19. The primary purpose of this section is to identify options for the allocation and control of GHG emissions from international bunker fuels. It also provides information on the current extent of such emissions, possible future trends in international aviation and shipping, and issues that should be considered with regard to the options (see also FCCC/SBSTA/1996/9/Add.2).

B. Background


20. The COP, by decision 4/CP.1, requested the SBSTA and the SBI, taking fully into account ongoing work in Governments and international organizations, including the International Maritime Organization (IMO) and the International Civil Aviation Organization (ICAO), to address the issue of the allocation and control of emissions from international bunker fuels, and report on this work to the Conference at its second session. Subsequently, the SBSTA, at its second session, requested the secretariat to address issues such as bunker fuels in the documentation to be prepared for consideration by the SBSTA at its third session, with a view to overcoming inconsistencies in the presentation of data on inventories (FCCC/SBSTA/1996/8, para. 62).
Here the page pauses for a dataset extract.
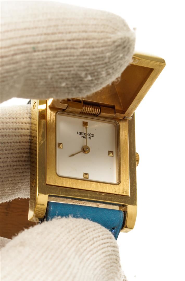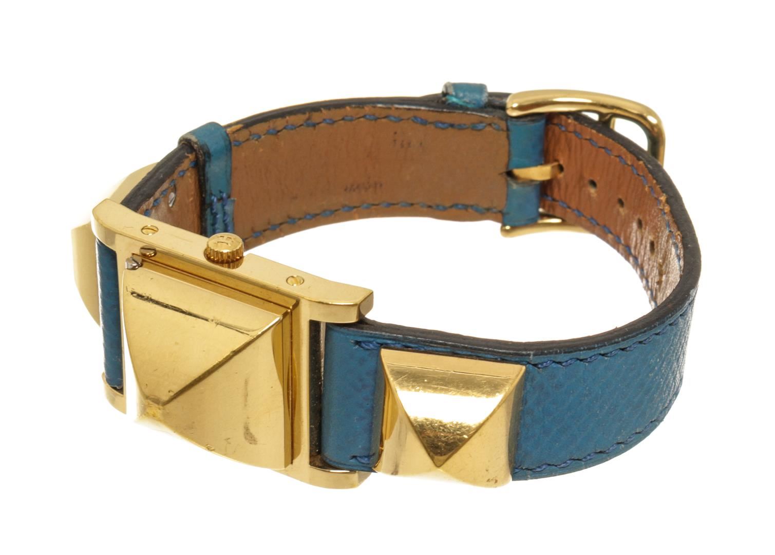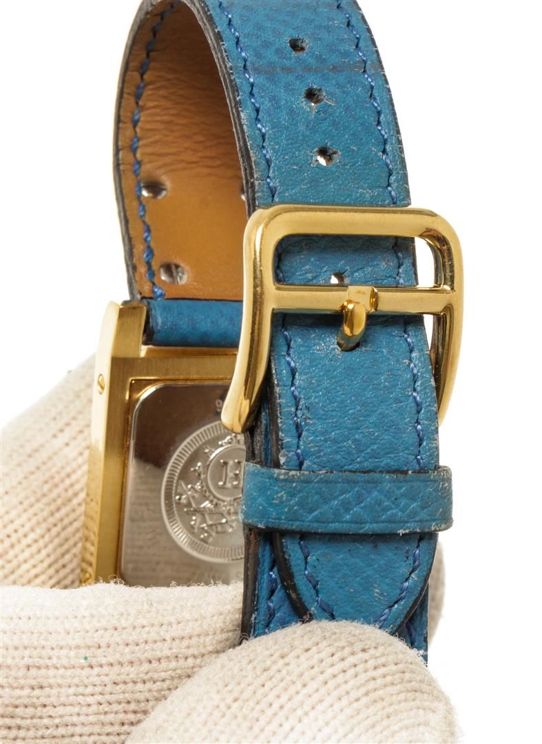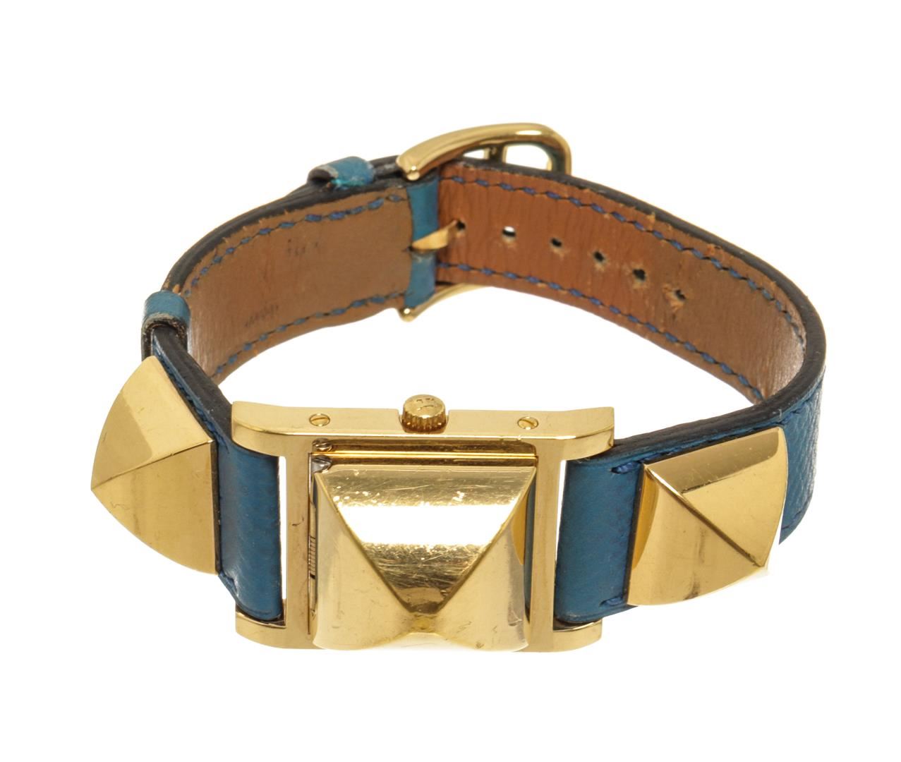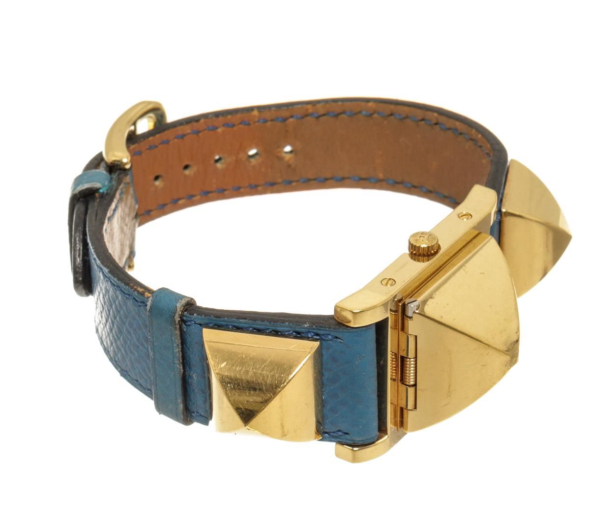 One Hermes Blue gold-Plated and Leather Medor Quartz 20mm Watch. Item is sold AS-IS. All available information is listed in the description and shown in the photo. Hermes Blue gold-Plated and Leather Medor Quartz 20mm Watch

21. International bunker fuels, that is, fuel sold to any air or marine vessel engaged in international transport is reported separately from other sectors in national emission inventories. The IPCC Guidelines recommend that such emissions should as far as possible be excluded from the totals and subtotals in the energy sector.(5) This reflects the decision of the Intergovernmental Negotiating Committee for a Framework Convention on Climate Change (see A/AC.237/55, annex I, para. 1(c)).
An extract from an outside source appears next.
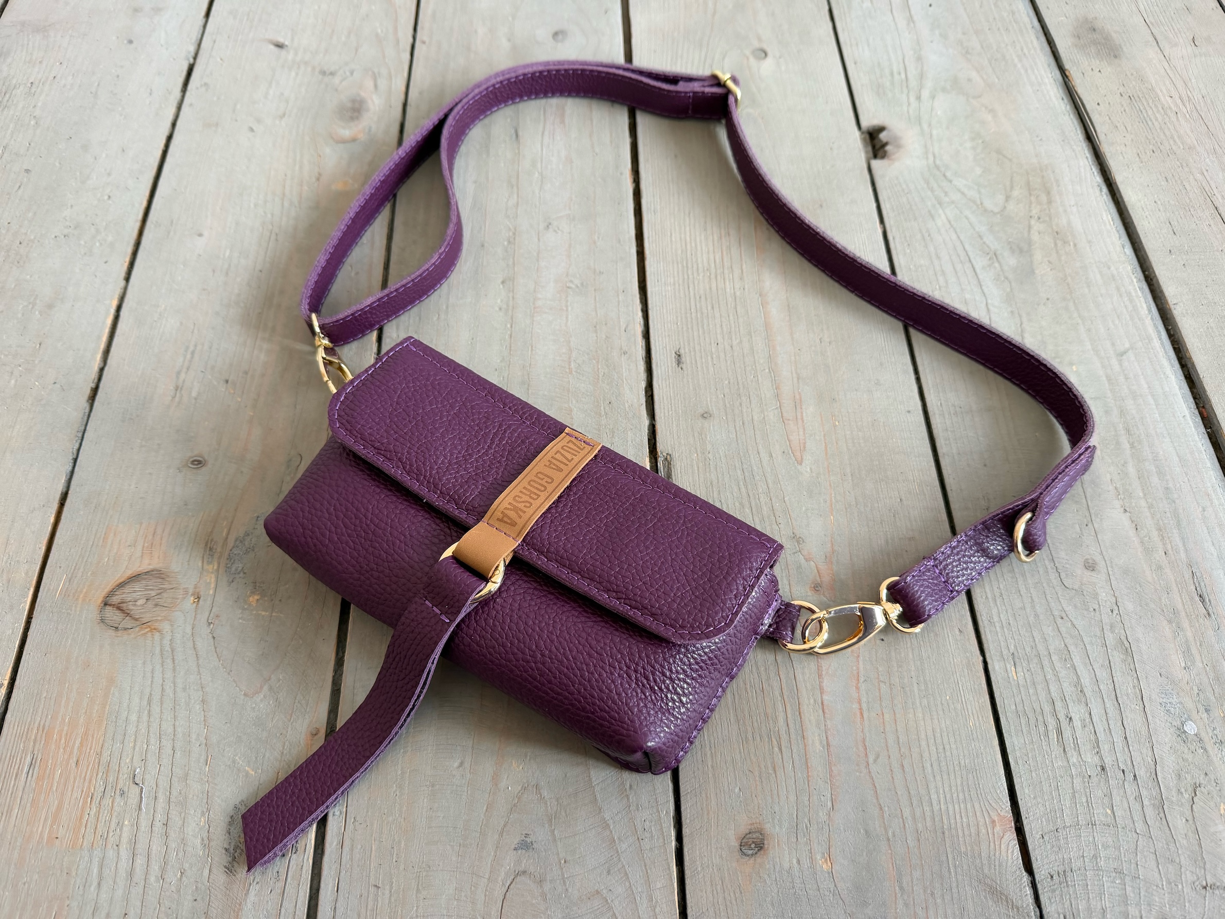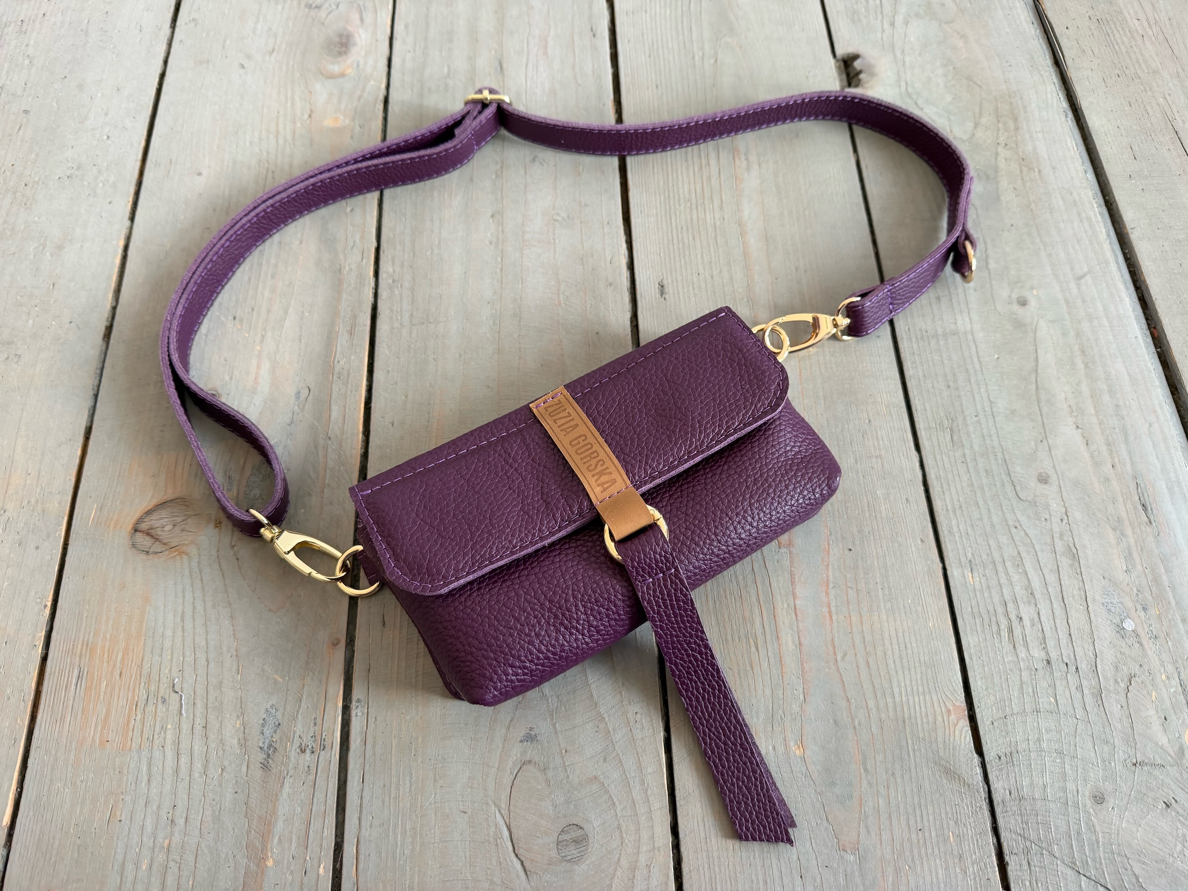 Uszyta ze skóry naturalnej licowej.

22. On this basis, 22 Parties provided emission estimates from bunker fuels, the majority reporting such information separately from total CO2 emissions in accordance with the guidelines, as indicated in table 1. Eight Parties differentiated between aviation and marine bunker fuel emissions. Five Parties reported only CO2 emissions from bunker fuels. Of the nine countries with economies in transition, only Bulgaria and Poland reported emissions from bunker fuels and only for their base year (see also FCCC/CP/1996/12/Add.1.).



23. CO2 emissions from bunker fuels represented between 4 and 14 per cent of national CO2 emissions for the majority of the Parties, although ranging as high as 24 per cent for the Netherlands and as low as less than 1 per cent for the United States of America. Aggregate CO2 emissions from bunker fuels represent about 2.8 per cent of the national emissions of the 22 Parties reporting emissions.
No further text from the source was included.